(Records drawn from a dataset)
Start of Block

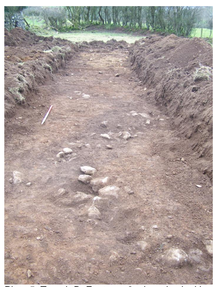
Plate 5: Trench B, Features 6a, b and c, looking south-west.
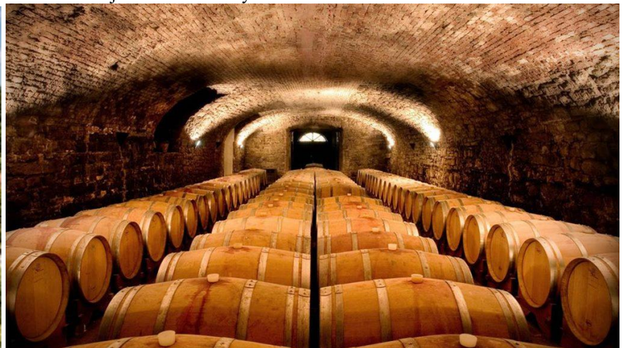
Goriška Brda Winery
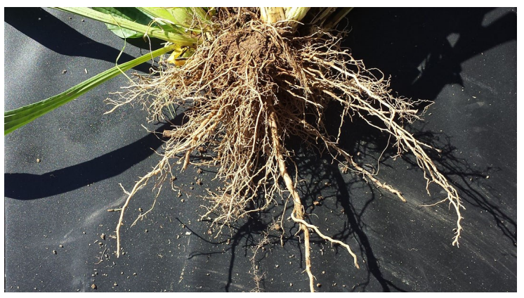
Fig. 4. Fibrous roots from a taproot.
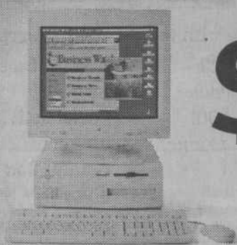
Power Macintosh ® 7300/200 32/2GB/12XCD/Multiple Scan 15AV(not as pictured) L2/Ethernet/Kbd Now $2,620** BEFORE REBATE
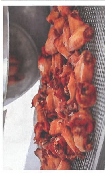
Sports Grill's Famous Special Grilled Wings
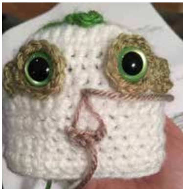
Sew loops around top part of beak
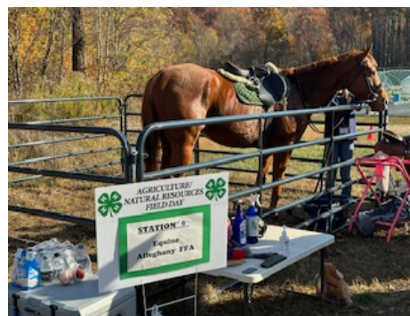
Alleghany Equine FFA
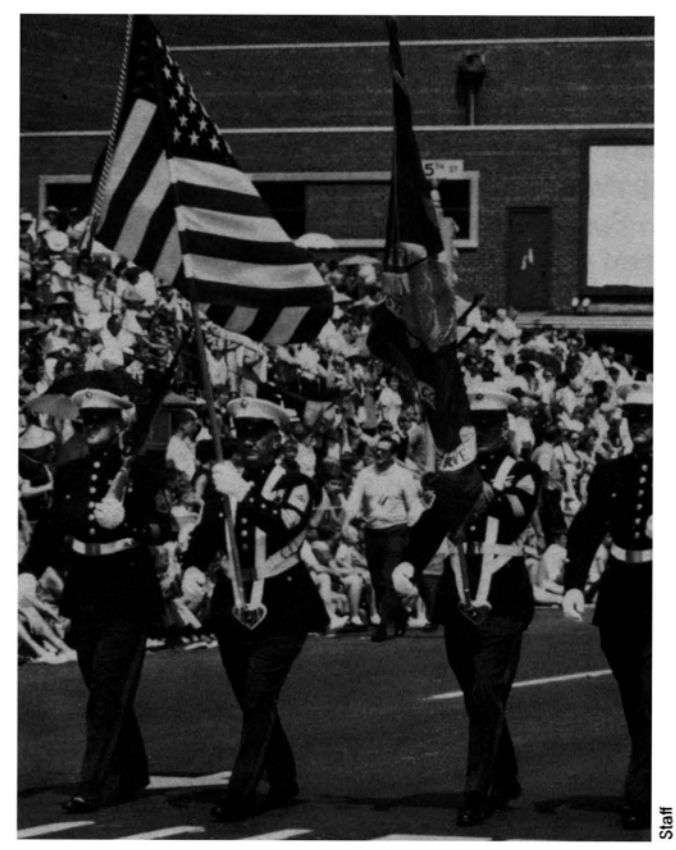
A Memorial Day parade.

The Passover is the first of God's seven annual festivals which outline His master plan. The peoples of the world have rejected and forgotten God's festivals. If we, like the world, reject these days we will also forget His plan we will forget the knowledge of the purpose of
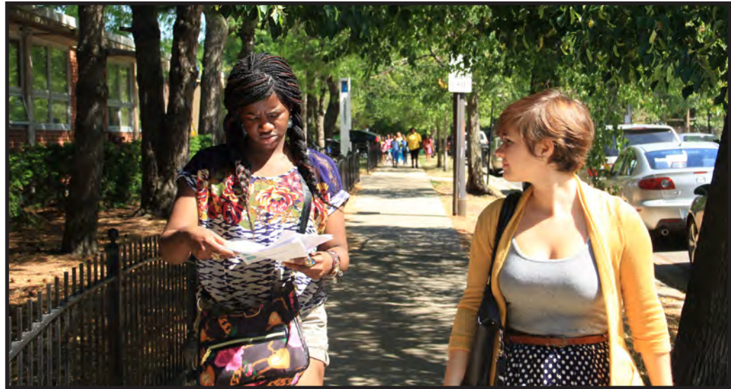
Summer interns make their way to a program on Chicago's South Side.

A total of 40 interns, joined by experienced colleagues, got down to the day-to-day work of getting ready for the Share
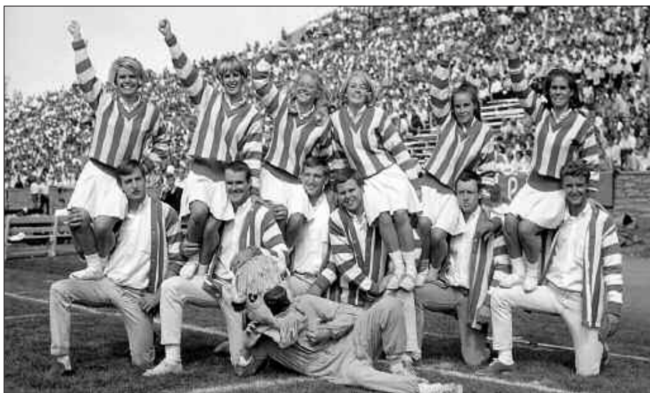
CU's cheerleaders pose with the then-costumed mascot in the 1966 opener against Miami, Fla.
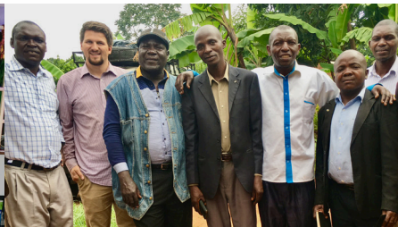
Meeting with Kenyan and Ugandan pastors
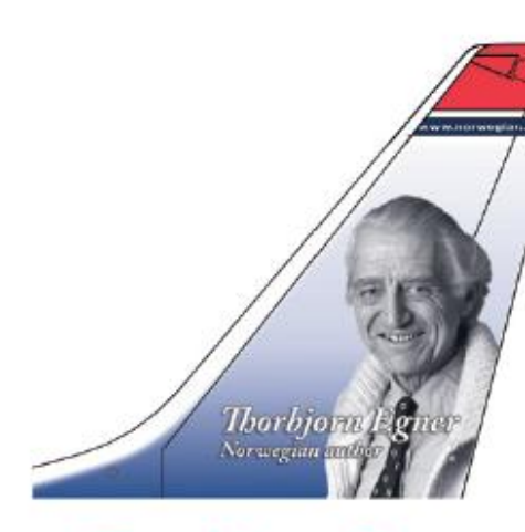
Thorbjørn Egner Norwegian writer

End of Block

Write out the line that contains "Meeting with Kenyan and Ugandan pastors" and every line after it to the end of the data, exactly as they stand. Omit the pictures.

> Exercise result
Meeting with Kenyan and Ugandan pastors
Thorbjørn Egner Norwegian writer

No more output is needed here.